Recommendations for the Public Health Management of Gastrointestinal Infections 2019: Principles and Practice has a lot more detail on the main organisms associated with foodborne illnesses and some of these requirements for isolation. I’ve attached a copy below, but the link is also here in case it’s useful.

If symptoms continue for period of a week or are especially severe it may be necessary to take samples in order to identify a causative organism in order to support patient management. When taking a patient history it’s important to capture any patient specific risk factors (see below section on risk groups), travel history, recent event attendance history and details of hobbies (such as preserving) that may impact of food ingestion patterns. Additional individual management options can include antimicrobials (antiparasitic or antibacterial) and for non-bloody diarrhoea without fever antidiarrheal agents.

How do these organisms get into food?

Organisms can get into food from numerous sources. They can be present in the environment in which the food comes from, such as manure that is used to fertilise salad plants can contain organisms, like E. coli, even more so if human waste is used. Food, such as oysters, can be contaminated as part of their life cycle as filter feeders if they are growing in an environment where they are exposed to animal or human waste, and so can harbour organisms like norovirus and become highly loaded. Food can also become contaminated as part of the production or manufacturing process, contaminated from other items that are produced in the same facility, contaminated from the processes, such as the water or preservatives utilised, or from failures in the preservation process that would normally have removed organisms that are naturally present linked to food.

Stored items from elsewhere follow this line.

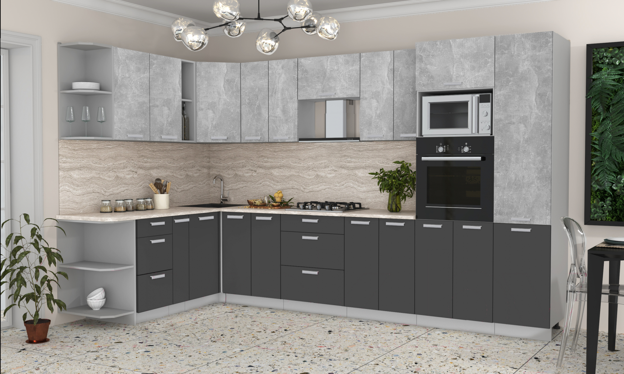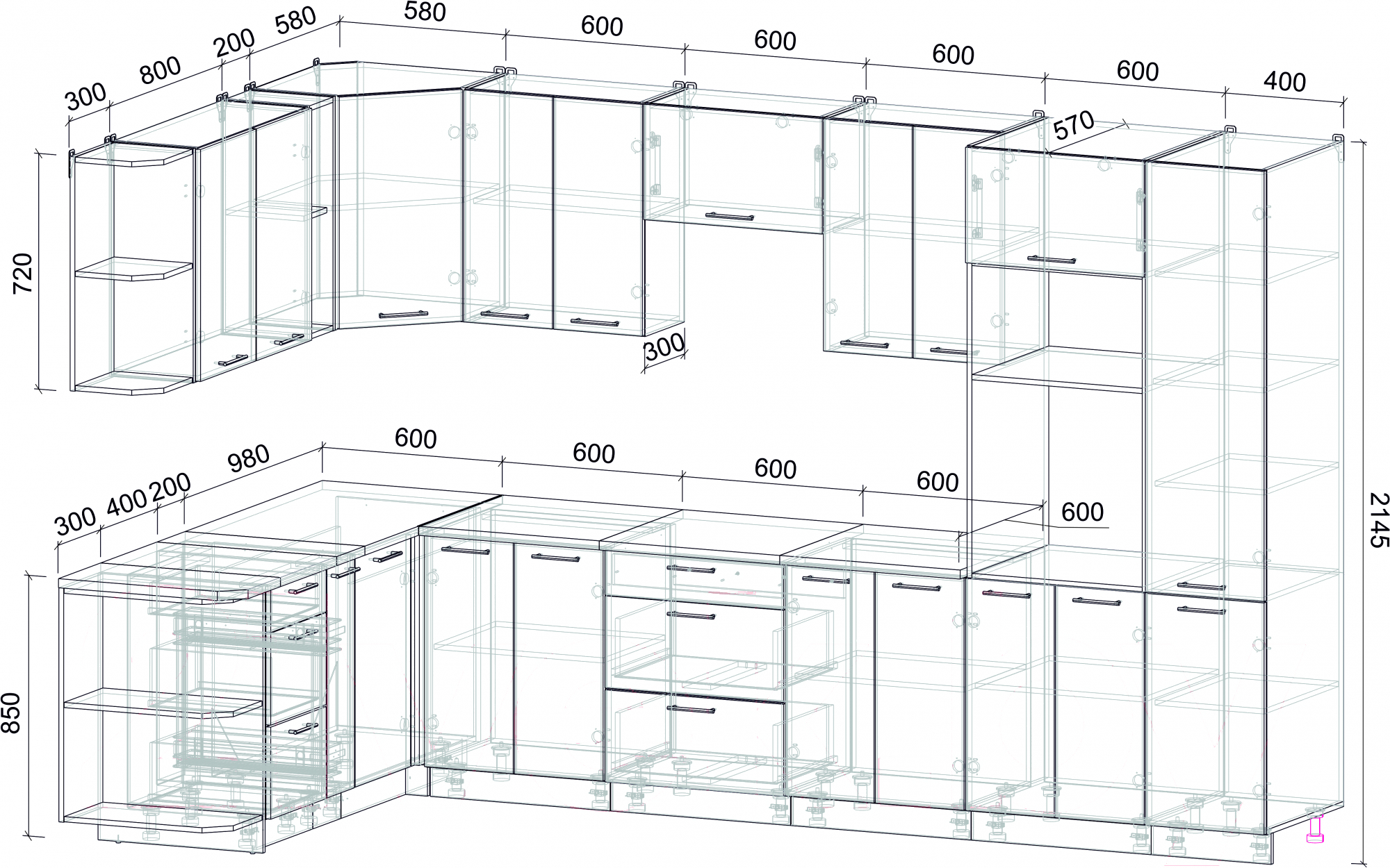 - Глубина нижних шкафов 60 см (48 см — глубина по корпусу)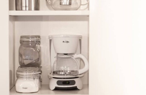 - Whip up your favorite meals in the kitchenette, equipped with a small fridge, microwave, toaster oven, induction cooktop, coffee maker, stainless sink, dishes, and cookware—sharp knives included!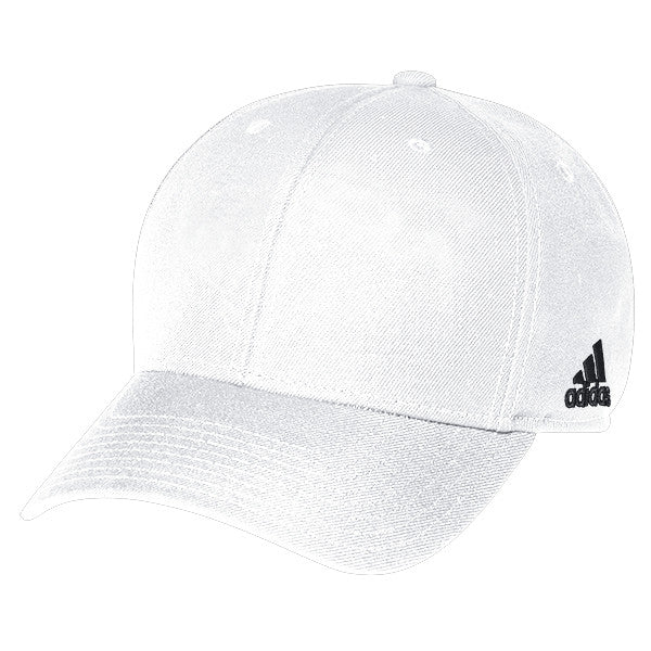 Celebrate your company's team spirit by giving the adidas White Structured Adjustable Cap during the holiday season. You attach the company logo to the front of the hat to promote unity. A moisture wicking sweatband quickly removes perspiration that builds up under the highly durable cap. Cotton twill feels soft against the forehead and the adjustable Velcro closure adapts to virtually every head size.

Organisms can also come from the humans involved in the process. Those manufacturing or handling the food may be carrying or infected with organisms, whether symptomatic or not. A Staphylococcus aureus colonised person making sandwiches may contaminated the food they are making. An asymptomatic norovirus infected canteen worker could expose those being served food by unwittingly contaminating food and/or serving implements. In the case of bacteria, low level contamination from those producing the food may then be able to grow up to levels where ingestion results in symptoms if the processes are not well enough controlled.

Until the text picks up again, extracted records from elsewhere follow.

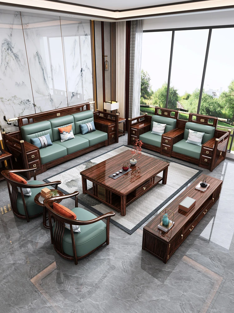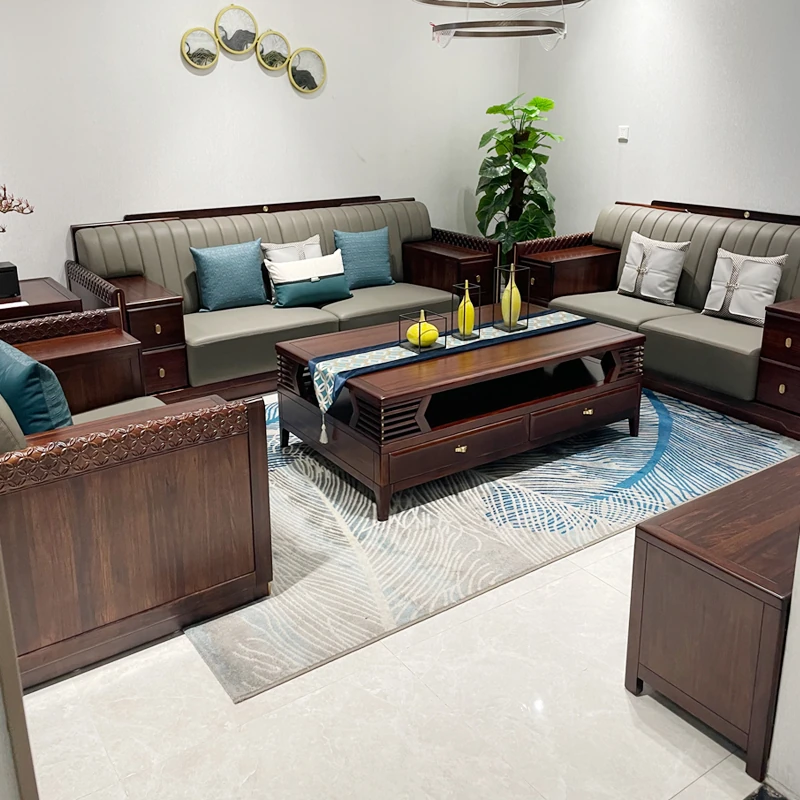 新中式ウッドブラックソファセット - 高級感あふれる全木製、現代的なデザインのリビングルーム用。広々とした別荘や大きな家にぴったり、軽やかな贅沢を実現する家具です。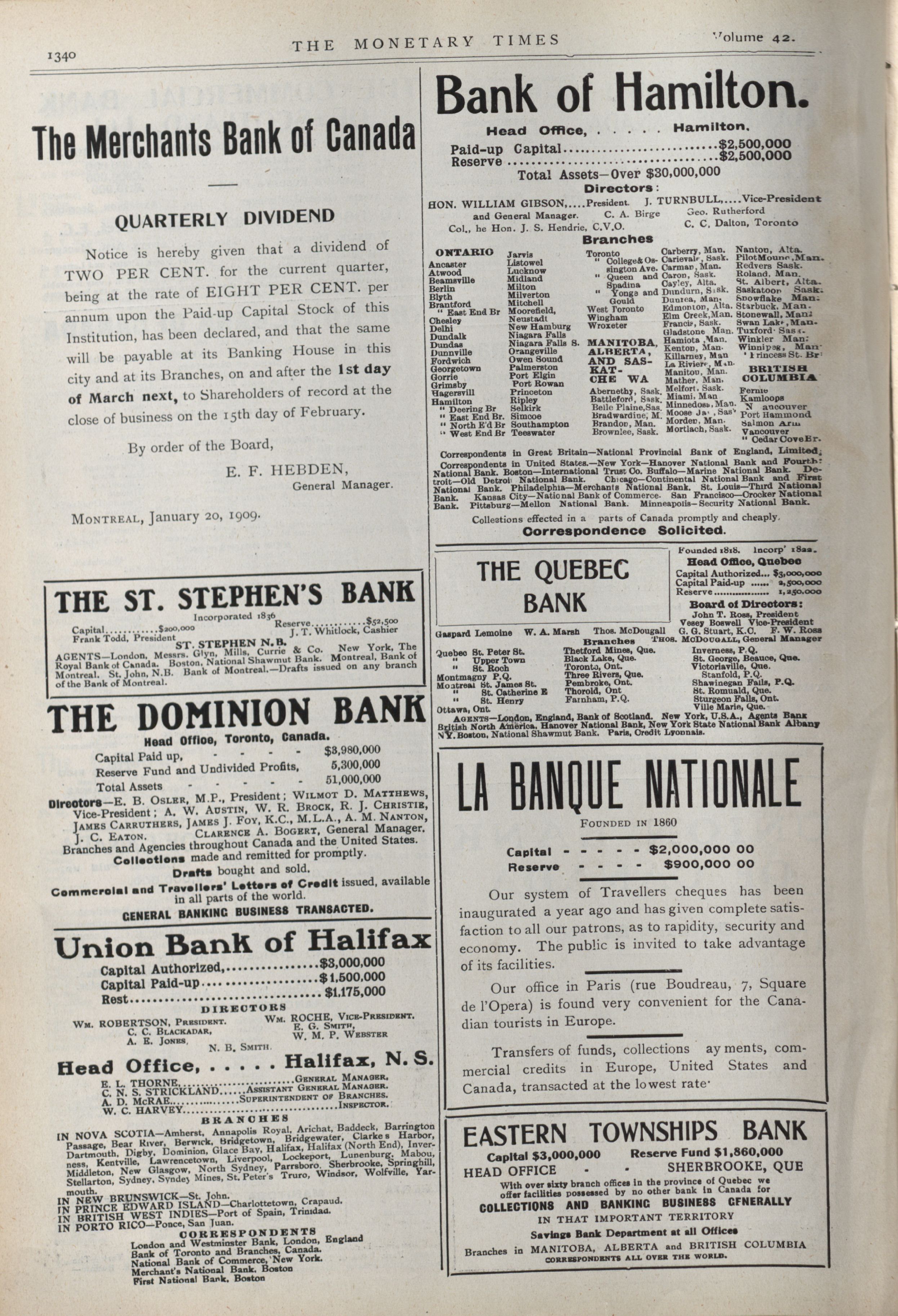 - The Monetary Times, trade review and insurance chronicle. : Vol. 42 No. 32. (February 6th, 1909.)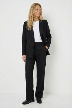 Klasyczna, dwurzędowa marynarka w kolorze czarnym. Posiada wiskozową podszewkę. Model świetnie komponuje się nie tylko z jedwabnymi topami, ale także świetnie wygląda lekko narzucona na sukienkę typu maxi. Tworzy zestaw ze spodniami i kamizelką w tym samym kolorze.

Food processing and manufacturing

Most food preserving techniques aim to ensure that if contamination occurs during production or manufacturing it is not able to replicate to the point where the organism would cause symptoms in those who ingest them. Many preserving techniques aim to control organism survival or replication/loading via either temperature, cell lysis/resource availability or both. There are two main groups of techniques, either physical or chemical. 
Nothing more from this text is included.